◆ **WHAT TO WORK ON**:
Although the records contain pictures, none belong in the copy: restate word for word only the lines from the one with "מתחם חיצוני: חצר" through the one with "MBI5031GF-C 16-kanałowy PWM", both included.

◆ **PROVIDED RECORDS**:
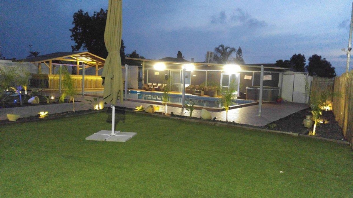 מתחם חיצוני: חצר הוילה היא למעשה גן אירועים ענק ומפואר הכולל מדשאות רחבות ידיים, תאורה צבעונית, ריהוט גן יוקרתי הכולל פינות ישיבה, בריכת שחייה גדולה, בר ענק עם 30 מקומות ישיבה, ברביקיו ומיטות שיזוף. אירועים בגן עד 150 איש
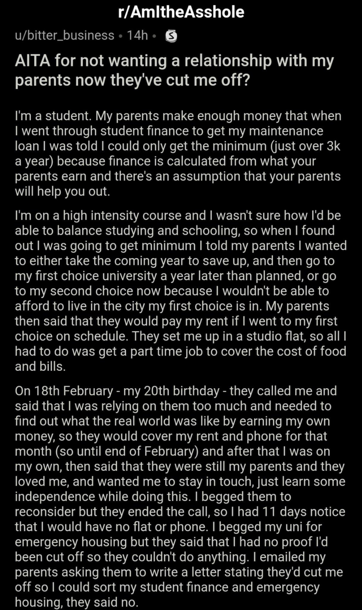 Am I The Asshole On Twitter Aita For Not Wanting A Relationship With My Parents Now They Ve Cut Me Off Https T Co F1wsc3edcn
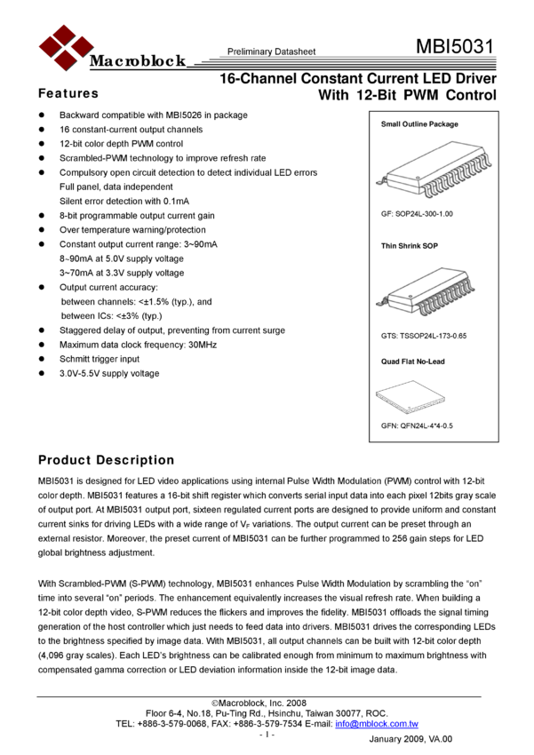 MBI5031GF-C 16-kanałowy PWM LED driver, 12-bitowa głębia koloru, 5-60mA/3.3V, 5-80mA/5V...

...

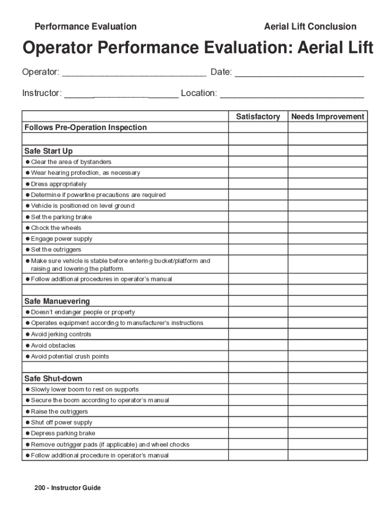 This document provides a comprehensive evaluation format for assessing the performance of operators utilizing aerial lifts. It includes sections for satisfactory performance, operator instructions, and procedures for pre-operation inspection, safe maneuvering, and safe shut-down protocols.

--

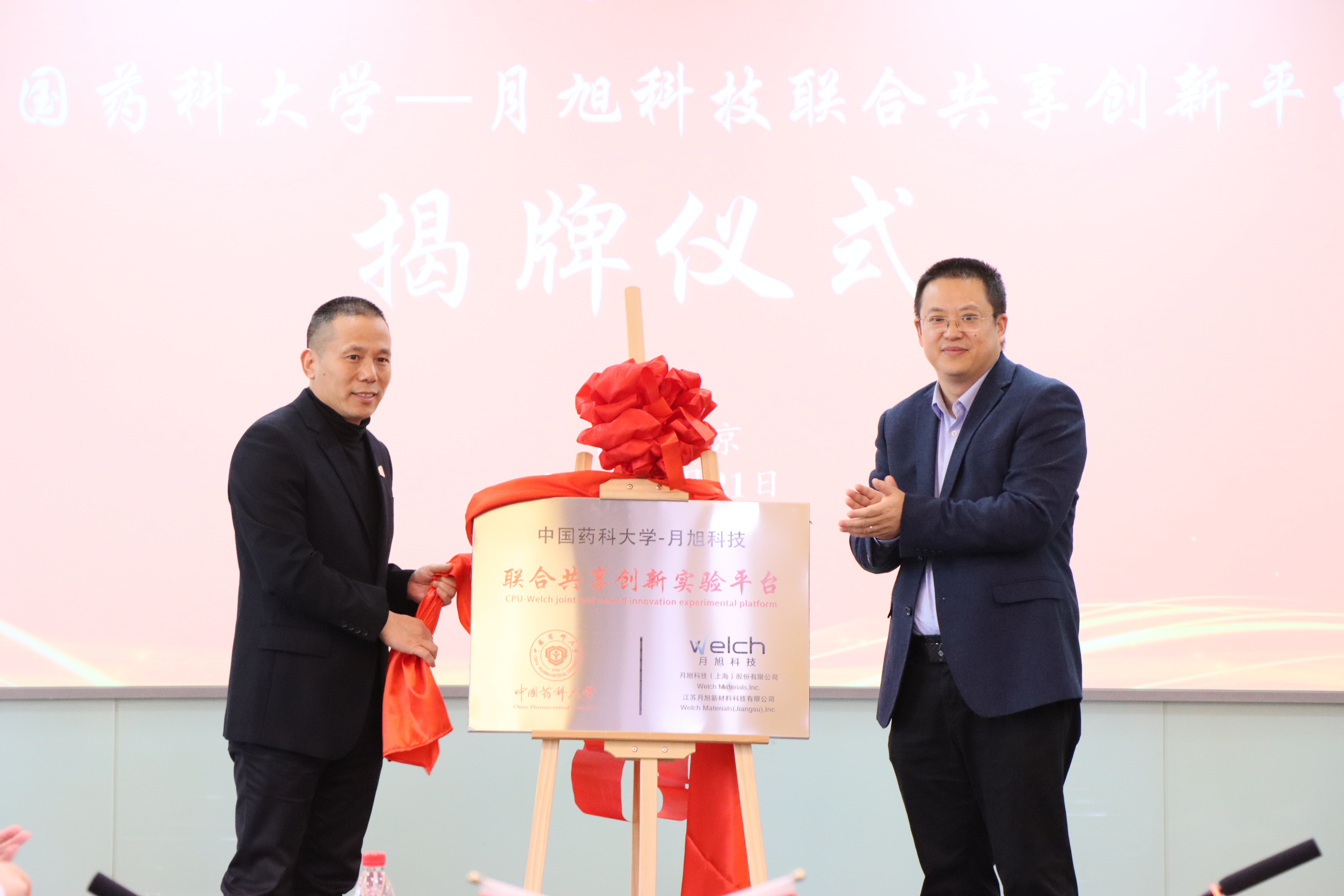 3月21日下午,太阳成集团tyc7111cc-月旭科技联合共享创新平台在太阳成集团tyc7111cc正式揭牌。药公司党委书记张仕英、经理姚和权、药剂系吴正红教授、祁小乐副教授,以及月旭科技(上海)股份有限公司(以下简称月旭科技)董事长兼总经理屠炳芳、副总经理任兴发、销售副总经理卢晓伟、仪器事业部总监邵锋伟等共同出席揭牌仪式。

◆ **TASK RESPONSE**:
 מתחם חיצוני: חצר הוילה היא למעשה גן אירועים ענק ומפואר הכולל מדשאות רחבות ידיים, תאורה צבעונית, ריהוט גן יוקרתי הכולל פינות ישיבה, בריכת שחייה גדולה, בר ענק עם 30 מקומות ישיבה, ברביקיו ומיטות שיזוף. אירועים בגן עד 150 איש
 Am I The Asshole On Twitter Aita For Not Wanting A Relationship With My Parents Now They Ve Cut Me Off Https T Co F1wsc3edcn
 MBI5031GF-C 16-kanałowy PWM LED driver, 12-bitowa głębia koloru, 5-60mA/3.3V, 5-80mA/5V...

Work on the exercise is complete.